# .45 dies



## JeffWard (Aug 24, 2007)

I want to start reloading for my .45. I'm sick of dumping $30 per range trip... even on Walmart ammo.

Suggestions on GOOD, but ECONOMICAL stuff? I don't need huge volume, just 50-100 per week.

Buy used? Anyone selling?

Jeff


----------



## K Bob (Sep 17, 2007)

Say Jeff I bought a Lee anniversary kit and carbide Lee .45 dies. This setup works great and cost was around a hundred dollars. It's not as fast as the progressive press,but it's a heck of a lot less exspensive.I can load 100 rounds of .45 for around nine dollars. I did not like the Lee powder dump so I got a Lyman no.55 it works great and really speeds up single stage reloading.


----------



## spacedoggy (May 11, 2006)

I'd get the Lee 4 hole Turret press. It's right there in the middle of a single stag press and a progressive press. It's around 80.00 dollars at midway. To get everything you need to get started should run you around 140. You should be able to make 150 to 200 45 an hour. If you decide that you want to reload different rounds say add 9mm it would run you around 40.00. You can make match bulletts like a single stage press and do things in stages or make bulk for just popping off at the range. That's why I love the turret. Check these videos out. Check these short how to videos out on this page

http://www.leeprecision.com/html/HelpVideos/video.html

*Reloading process demonstrated

Turret Press in operation

Four hole turret index adjustment

*


----------



## cbrgator (Aug 21, 2007)

What hardware is being used in those videos. He says the lee Turret Press but it looks more like the classic. I want to look into whatever he is using because he makes it look ridiculously easy.


----------



## JeffWard (Aug 24, 2007)

WE HAVE A WINNER!!!!!

I think I'm going with the Lee Classic (4-hole) Press. If I can crank out 100 rds of ACP for around $10, and WWB at Walmart is $30 per hundred...

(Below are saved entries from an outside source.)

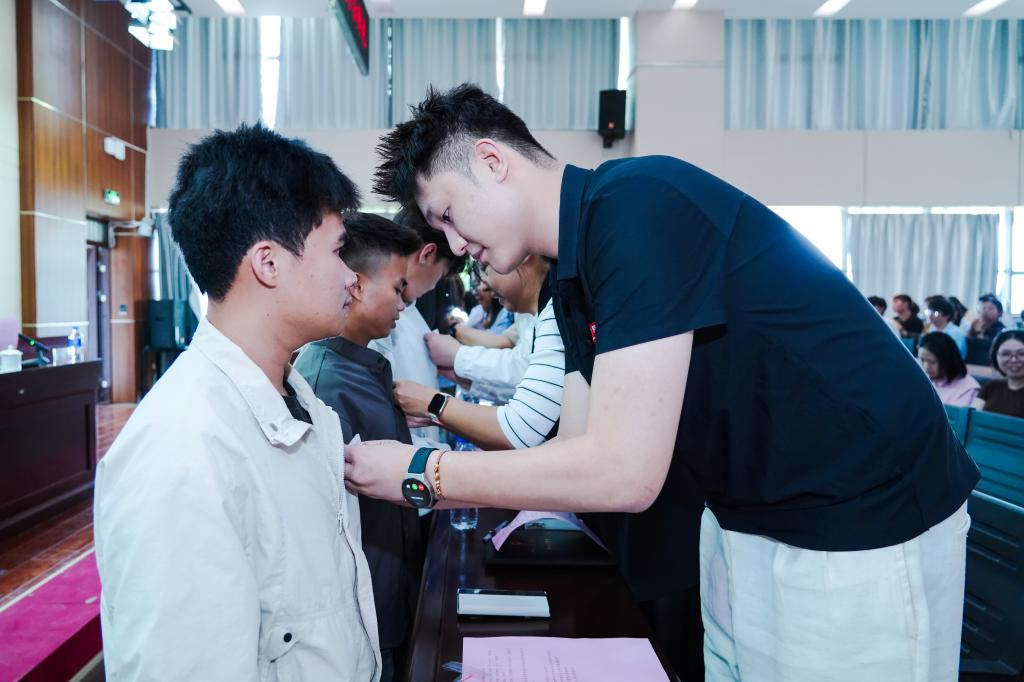随后,海之晨集团领导与校领导共同为留学生代表佩戴校徽,正式欢迎他们成为学校大家庭的一员,并寄予殷切祝福。
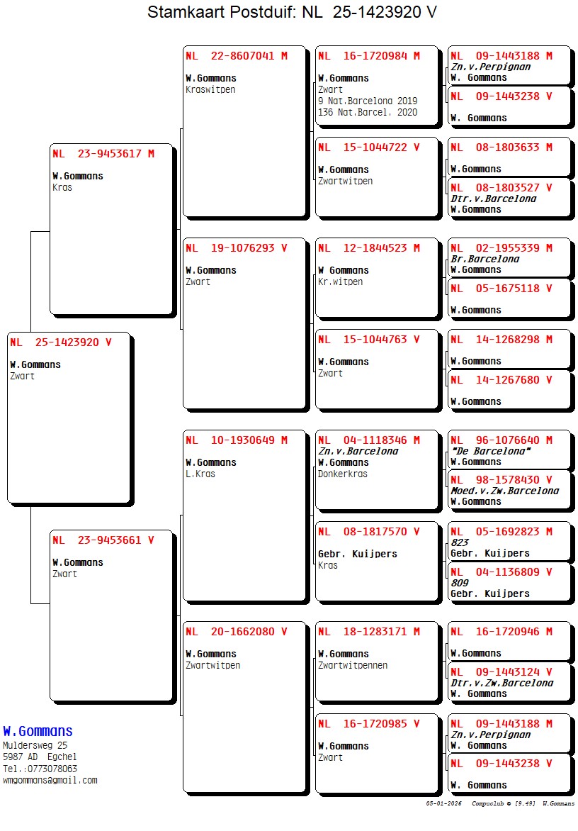 Pedigree Wim Gommans, Barcelona/Perpignan/Zwarte Barcelona"
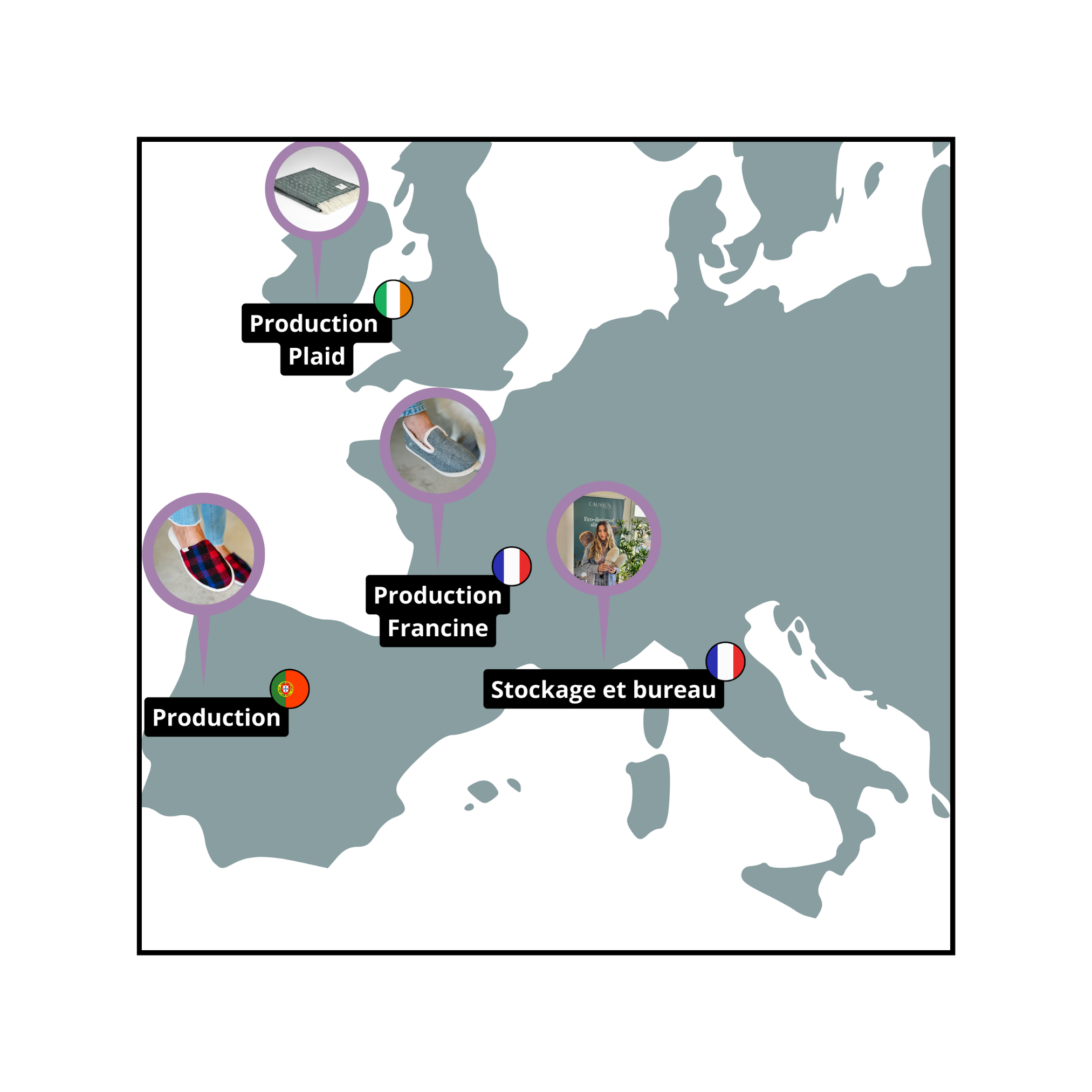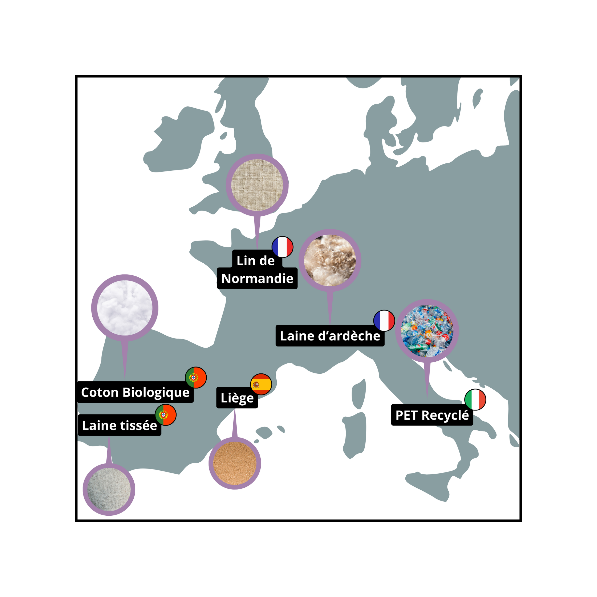 All our raw materials come from Europe from our trusted partners (family business, scoop, suppliers of eco-friendly materials, producers, etc.). In addition, transport is only by rail or road. We say no to air.
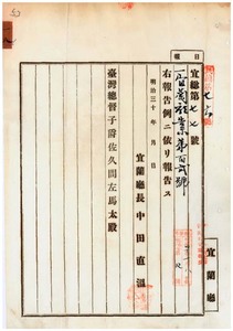 宜蘭廳告示第百二號臺北廳ヨリ豚虎列剌發生通知ノ件

$200 worth of press+dies+toys pays for itself in 7-10 weeks, since I burn 100-200 rounds per week.

I'll add the 9mm dies later for my G/F's auto.

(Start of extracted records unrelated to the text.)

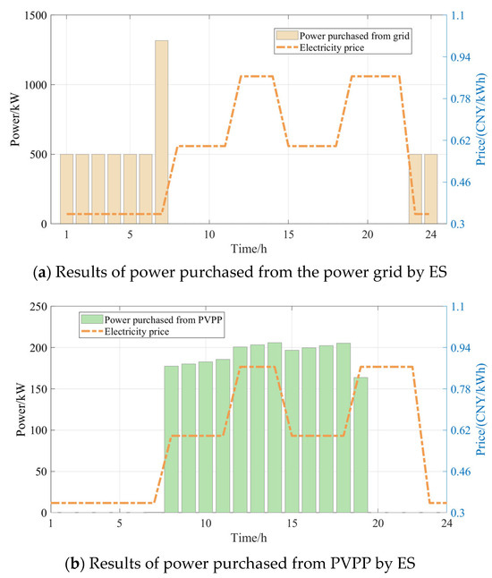 Figure 3 and Figure 4 show the results of the ES’s power purchased from WP, PVPP, and the grid and the results of the ES’s operation in the power dispatch meta-universe platform, respectively. As can be seen from Figure 3, in order to reduce the cost of purchasing electricity, ES chooses to purchase 2303.67 kW from PVPP and 4421.30 kW from WP instead of the grid during the period of higher electricity price (8:00–22:00). While during the period of the lower electricity price (1:00–7:00) and (23:00–24:00), ES will choose to purchase 5317.25 kW of electricity from the grid instead of purchasing electricity from WP and PVPP. This allows the ES equipment to meet its own power demand, and the excess power is stored for later use during peak grid electricity prices, thus saving costs. The results show that ES purchases electricity from the grid during the grid electricity price valley periods, simultaneously meeting its own electricity demand and charging the ES device. The excess electricity is stored for later use during the grid electricity price peak periods, leading to cost savings. During periods of high grid electricity prices (8:00–22:00), ES chooses to purchase electricity from WP and PVPP. This can not only facilitate the consumption of renewable energy, but it also exhibits a notable peak-shaving effect. Additionally, ES further reduces the electricity cost paid the power grid by 4556.99 CNY. Additionally, the grid can yield an additional profit of 120.26 CNY by charging the network fees.
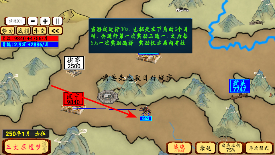 3、出兵前需先选取目标城市,根据敌我兵力对比如汉中9840 vs 敌方663,确保兵力优势后再行动,提高占领成功率。
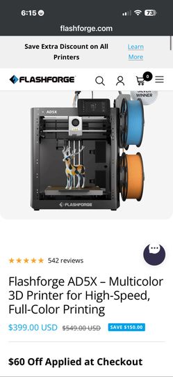 Flashforge AD5X – Multicolor 3D Printer for High-Speed, Full-Color Printing$175Marysville, WA
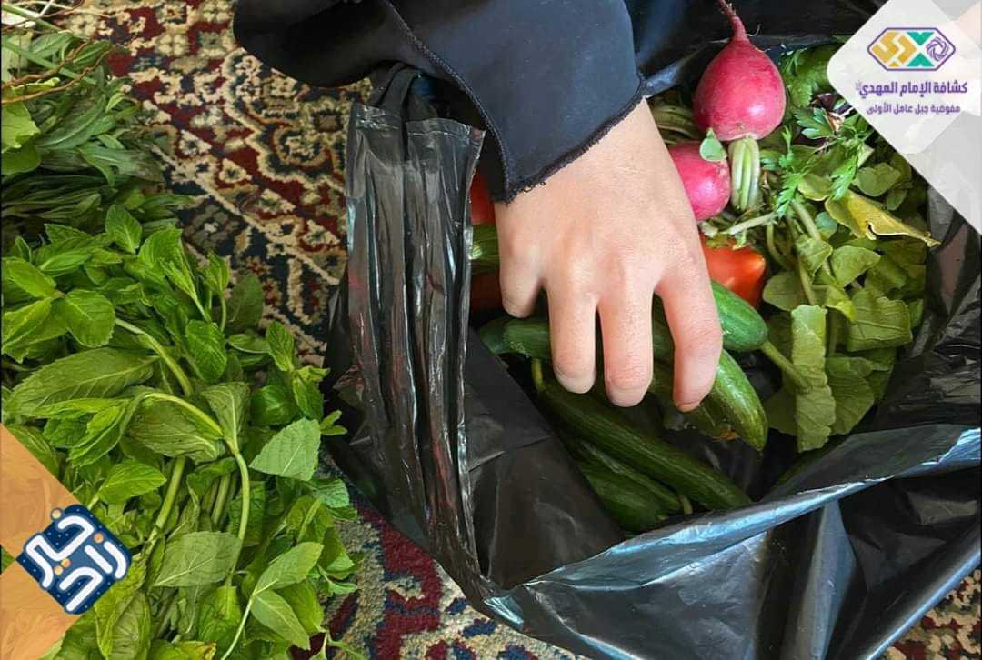 على حب صاحب الزمان (عجل الله تعالى فرجه) قام فوج العقيلة (عليها السلام)/بدياس بتوضيب حصص خضار وتوزيعها على العوائل المتعففة والمستورة في البلدة.

I assume 9-10 per 100 does not include brass... But since the range I shoot at usually is about ankle deep in .45 and 9mm brass by 6pm... Almost literally... Granted, they have a company that comes and gets all their spent brass each night, but if I shoot 100, and take home my spent cases, plus a few dozen... no one will bitch.

One more question:
What's the life expectancy of a .45 case? 2-5 reloads? 12? 50?
For safety, and for quality.

Thanks for all the great info!

Jeff


----------



## Baldy (Jun 21, 2006)

Shoot them till they split is the way I do it. Some of my brass has been loaded more than twenty times. How do I know? I used to keep records until I found out it was a waste of time. Just inspect them real good before loading. Good luck.


----------